Radio Télévision Guinéenne
- Type: Broadcast
- Country: Guinea
- Availability: National
- Owner: Government of Guinea
- Launch date: Television: 1977

= Radio Télévision Guinéenne =

Public broadcaster in Guinea

Radio Télévision Guinéenne (RTG) is a public broadcaster of the West African state of Guinea. Radio Télévision Guinéenne is headquartered in the capital city of Conakry.

==Background and history==
Radio broadcasting in Guinea started in the colonial era, when the country was called French Guinea.
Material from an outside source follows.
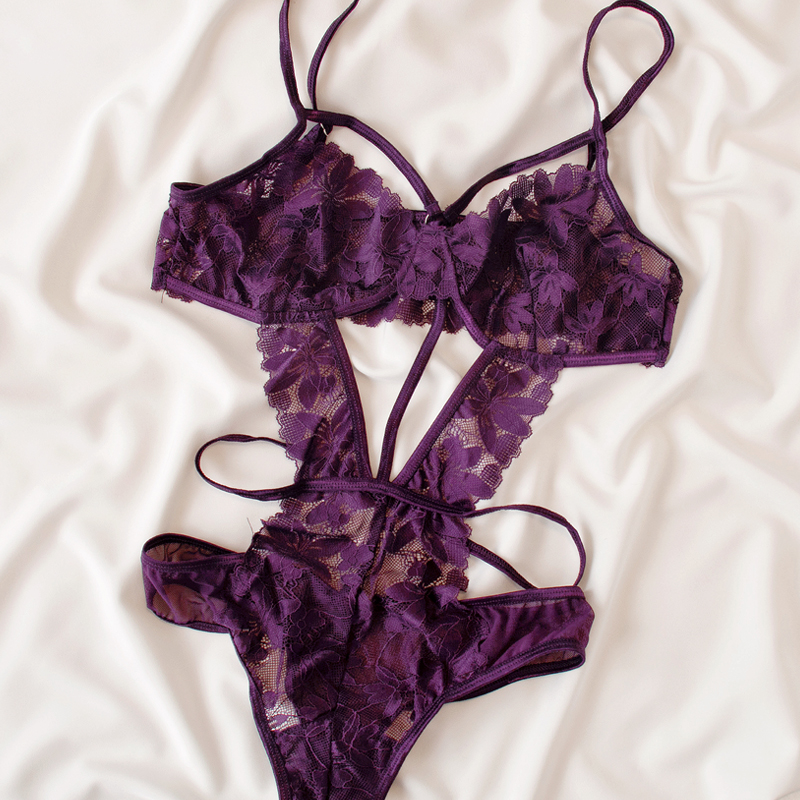 「腰姬美人」纯欲御姐风紫色蕾丝聚拢无钢圈法式 吊带连体内衣套装

Up until its independence, on 2 October 1958, the main activity of "radio banana" consisted in the broadcast of warnings and messages of the large local commercial companies on the movements of boats transporting bananas or citrus fruits; after independence, "radio banana" became Radio Guinée.

In 1962 the Voix de la Révolution (French for Voice of the Revolution) was created, the organization responsible for managing radio, and the offer increased to two stations, one national and the other international, which however were merged in November 1970, returning to being one. In May 1977 the first television channel started, which at the beginning was in black and white; color was introduced in June 1977. Full-color broadcasting since 1979.

After the death of Ahmed Sekou Touré in 1984, the Voix de la Révolution became the current Radio Télévision Guinéenne, and a general director was placed at the head of the organization. In January of the same year, a documentation and archive service was created in charge of collecting, processing and making available all the documents produced and received by RTG, and safeguarding the audiovisual heritage of the radio and television archives; archive management was computerized in 1990.

In August 1992, regional radio station RKS was created to serve the Conakry area within an 80 km radius.

RTG television broadcasting began in 2002 via satellite. In April 2025, the free-to-air RTG and RTG 2 channels on the satellite were discontinued in order to be moved to the graveyard orbit on the Intelsat 901 satellite. Currently, only encrypted satellite platforms continue.

In 2007, a Guinean Air Force MiG-21 departing from Conakry crashed into the Radio Television Guineenne headquarters. The Russian pilot ejected and was unharmed.

RTG is member of the African Union of Broadcasting (AUB).